2024-02-21 08:53:26 | ビジネス・教育学習

◇構造強度規定の3問目は、構造計算規定に関する重点事項を整理していきます。

◇構造計算規定①:構造計算をする場合の外力の状態についての規定(令82条の表)
 ・表の記号の意味⇒「G=固定荷重、P=積載荷重、S=積雪荷重、W=風圧力、K=地震力」を理解する。
 ・原則、長期荷重は「G+P」ですが、特定行政庁が指定する地域では「G+P+0.7S」とする。
 ・原則、短期荷重は長期荷重に、積雪時「プラスS」、暴風時「プラスW」、地震時「プラスK」とする。
 ・特定行政庁が指定する地域では、暴風時に「+0.35S」、地震時に「+0.35S」を追加する場合がある。

◇構造計算規定②:固定荷重「G」の規定(令84条)
 ・原則、実況に応じて計算するが、令84条の表を利用して計算することができるとしている。
 ・試験問題では、この表を参照して、「固定荷重G」を回答する設問となります。
 ・出題例として、R4年に「コンクリート造の床の固定荷重」を算定する設問がある。
 ・表より、建築の部分は「床」、種別は「コンクリートの床」+「仕上げはモルタル塗り」を選択する。

◇構造計算規定③:積載荷重「P」の規定(令85条)
 ・第1項の表より、「室の種類」、「構造計算の対象部位」別に数値を選択する。
 ・床の構造計算をする場合は、(い)欄より、室の種類別に選択する。
 ・柱、基礎の垂直荷重の場合は、(ろ) 欄より選択するとともに、支える床の数により荷重減ができる。
 ・第2項に、減らすための係数表があり、第1項で選択した数値に乗じて荷重を減らすことができる。
 ・地震力を計算する場合は、(は) 欄より、室の種類別に選択する。
 ・注意点は第3項で、倉庫業を営む倉庫の積載荷重は、3,900N未満にできないと規定している。

◇構造計算規定③:積雪荷重「S」の規定(令86条)
 ・積雪の単位荷重は、積雪量1㎝ごとに1㎡につき20ニュートン以上とする(第2項)。
 ・屋根に雪止めがある場合を除き、その勾配が60度を超える場合は、積雪荷重を零とできる(第4項)。
 ・雪下ろしを行う慣習のある場合、雪下ろしの実況に応じて垂直積雪量を1mまで減算できる(第6項)。

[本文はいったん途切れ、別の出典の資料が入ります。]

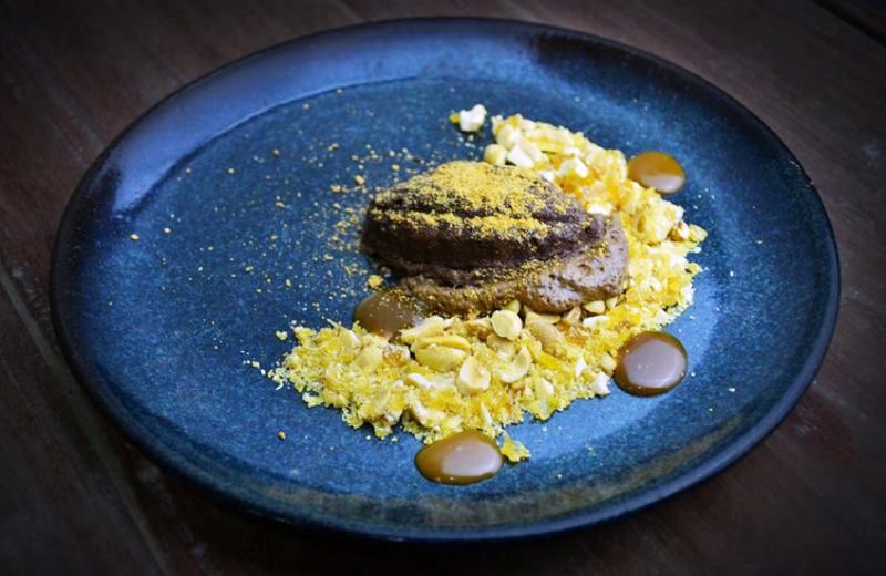 Húmedo de chocolate con helado de dulce de leche, maní, praliné y toffee de vinagre de plátano.
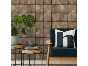 Hnědá vliesové tapety s vinylovém povrchem, jemná textura, design dřevěných obkladů s palmovémi listy. Co u vás zaujme: autentický vzhled, snadná údržba. Design: přírodní, nadčasové, etno. Úroveň tapetovéní: pro začátečníky. Země původu: Francie. obklady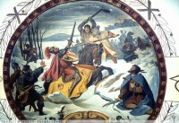 maj 2003 , Stary Wielisław; Kaplica - Mauzoleum w miejscu domniemanej śmierci księcia Jana ziębickiego. Fresk autorstwa Woerndlego z Kłodzka na sklepieniu kaplicy, przedstawiający chwilę śmierci księcia.Skomentuj zdjęcie |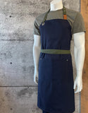 Le tablier bavette bleu marin à la parfaite touche de couleur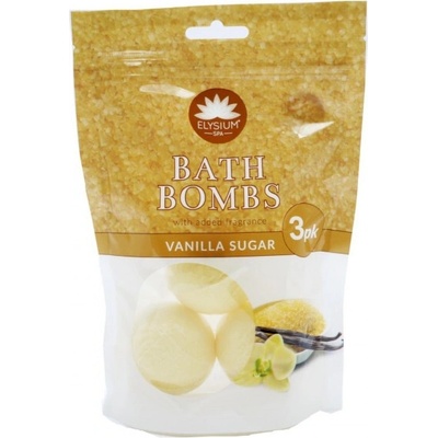 Elysium Spa bomby do koupele VANILLA SUGAR 3x50g \nLuxusní šumivé koupelové bomby s hřejivou, sladkou a krémovou vůní vanilky a cukru. Každá bomba (3 x 50 g) se ve vlažné vodě...
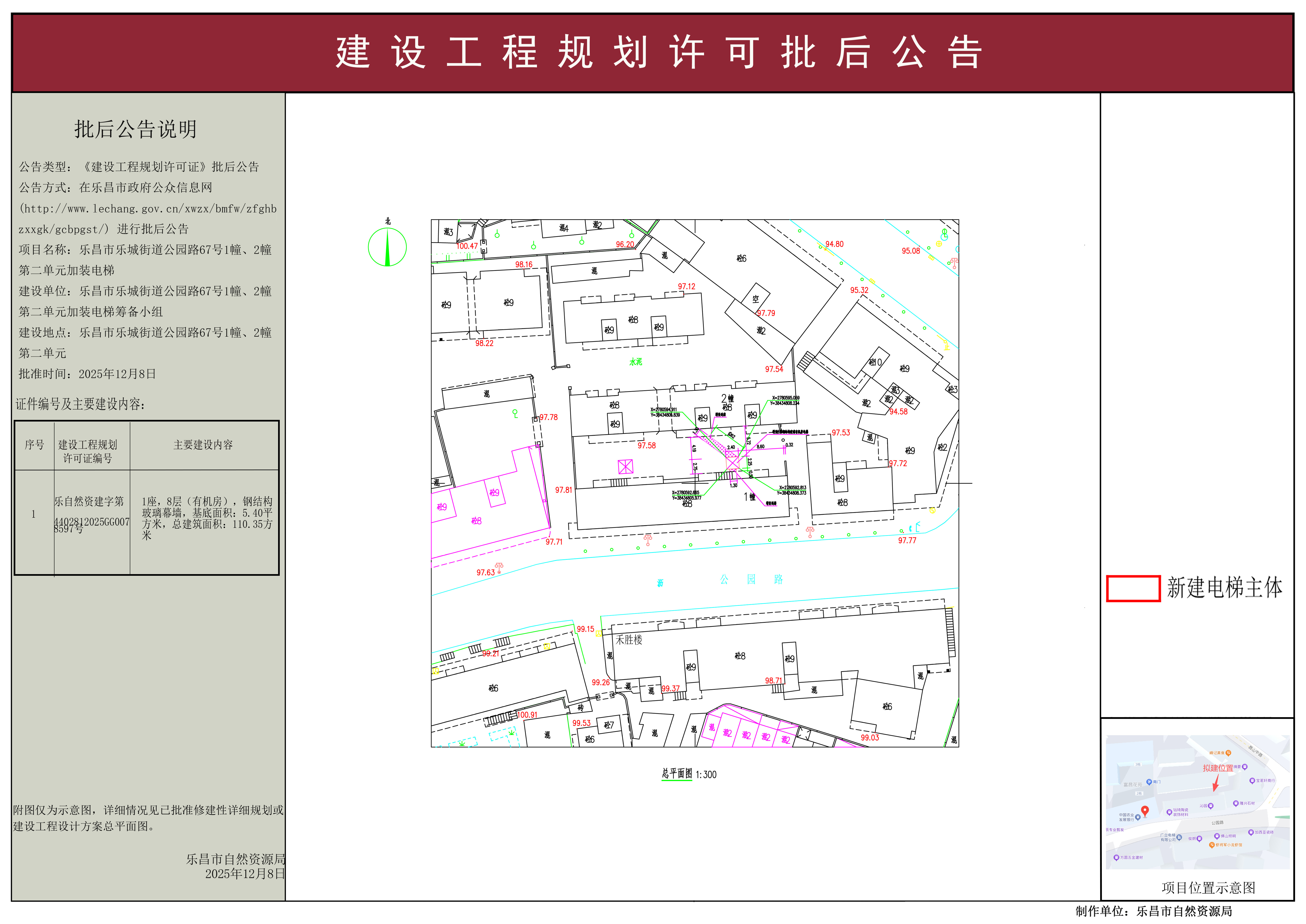 【批后公告】乐昌市乐城街道公园路67号1幢、2幢第二单元加装电梯《建设工程规划许可证》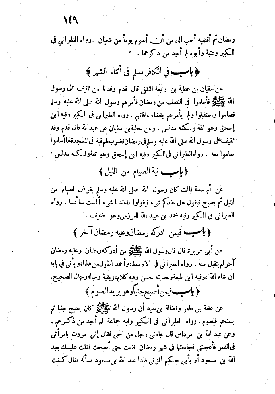 رَوَاهُ الطَّبَرَانِيُّ فِي الْكَبِيرِ، وَفِيهِ ابْنُ إِسْحَاقَ، وَهُوَ ثِقَةٌ، وَلَكِنَّهُ مُدَلِّسٌ.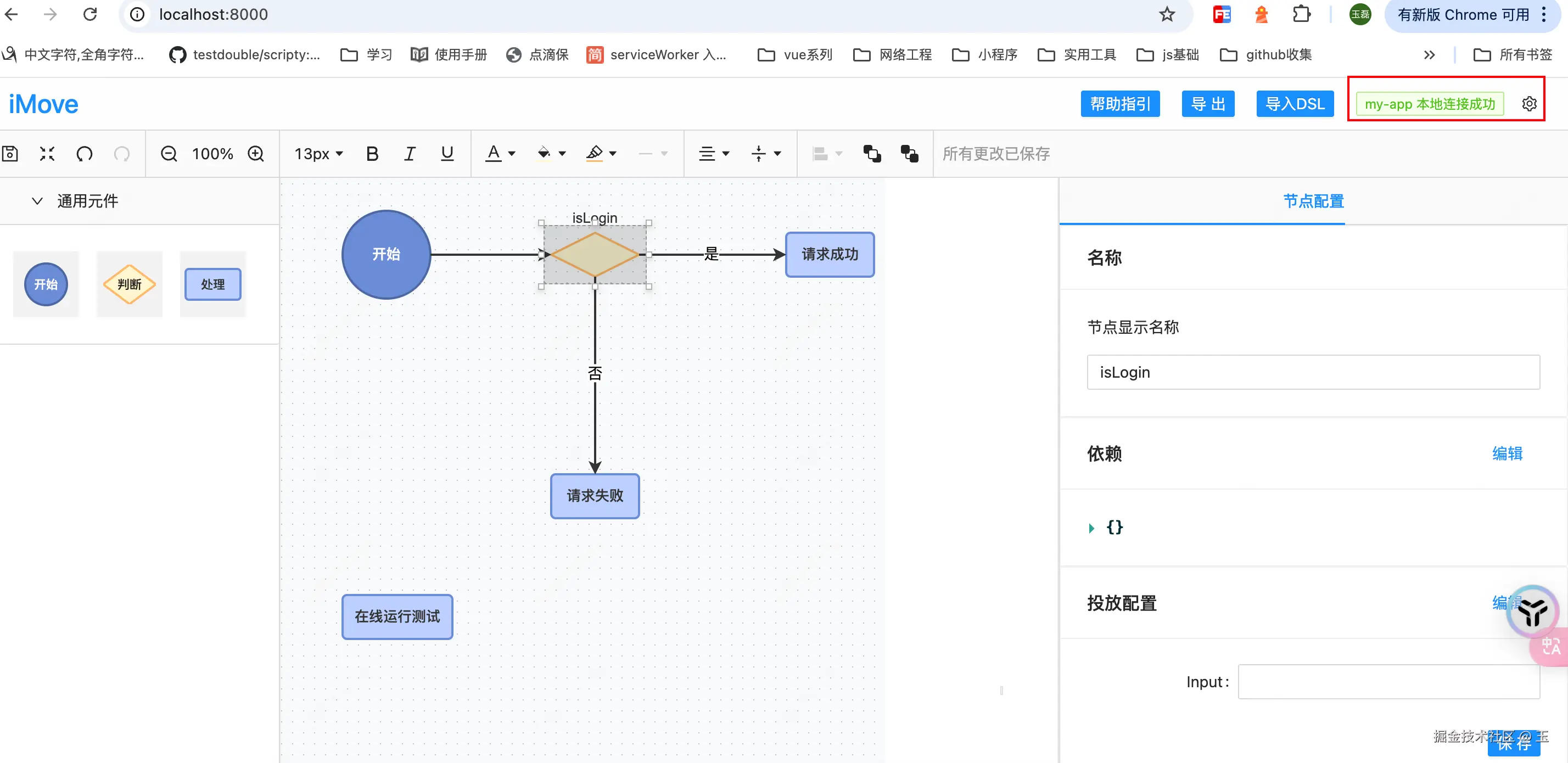 imove 是一个逻辑可复用的,面向函数的,流程可视化的 JavaScript 工具库。只要你移动鼠标拖拽,生成流程图之后配置节点 imove 会帮你生成对应代码。特性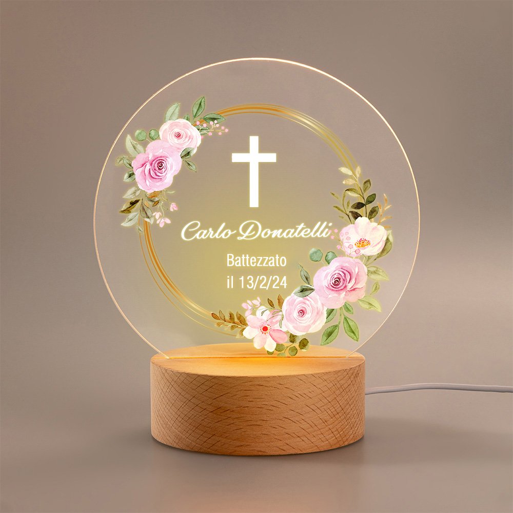 Questa luce notturna a LED è decorata con una croce finemente lavorata, avvolta da una delicata corona di fiori o foglie, simbolo di fede, amore e benedizione. Personalizzala con un nome, una data o un messaggio speciale per renderla davvero unica.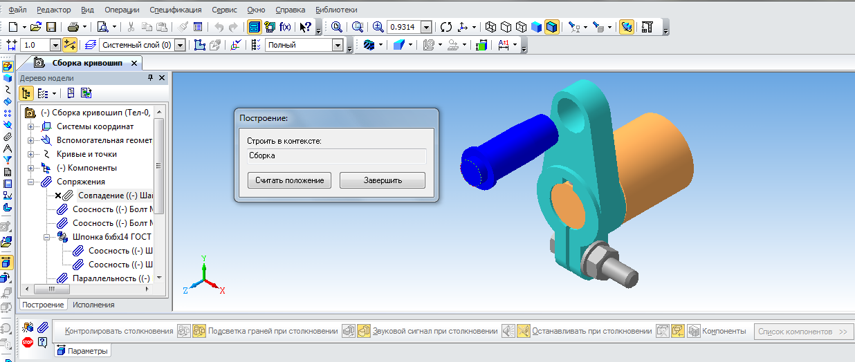 Поэтому для Пальца, Вала и Шпонки устанавливаем одно сопряжение — Соосность. Совпадение делать не будем, т. к. оно мешает перемещению компонентов в продольном направлении.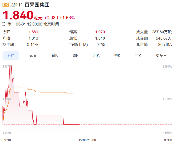 格隆汇3月31日丨百果园集团(02411.HK)发布公告,2026年3月31日耗资35.96万港元回购19.55万股,回购价格每股1.83-1.84港元。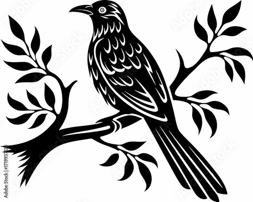 © bashanti, Fototapeta premium Stylized black bird perched on a branch with leaves
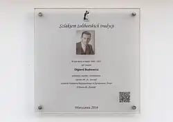 Tablica pamiątkowa na ogrodzeniu domu przy ul. Rybińskiego 3 w Warszawie, w którym mieszkał, odsłonięta w 2016 roku[4].

◇構造計算規定④:地震力「K」の規定(令88条2項、3項)
 ・標準せん断力係数は、原則、0.2以上としなければならない。
 ・地盤が著しく軟弱な区域として特定行政庁が指定する場合の木造建築物にあっては、0.3以上とする。
 ・令82条の3第二号に基づく水平保有耐力計算をする場合は、標準せん断力係数は、1.0以上とする。
   ⇒特にこの項目は、要注意です!

◇構造計算規定⑤:材料の許容応力度の規定(令89条~令98条の表)
 ・出題例の多いのは「地盤の許容応力度」で、地盤の種類別に選択し、短期は長期の2倍とする。
 ・木材、鋼材、コンクリート、高力ボルト、溶接等の許容応力度を表から該当する数値を選択する。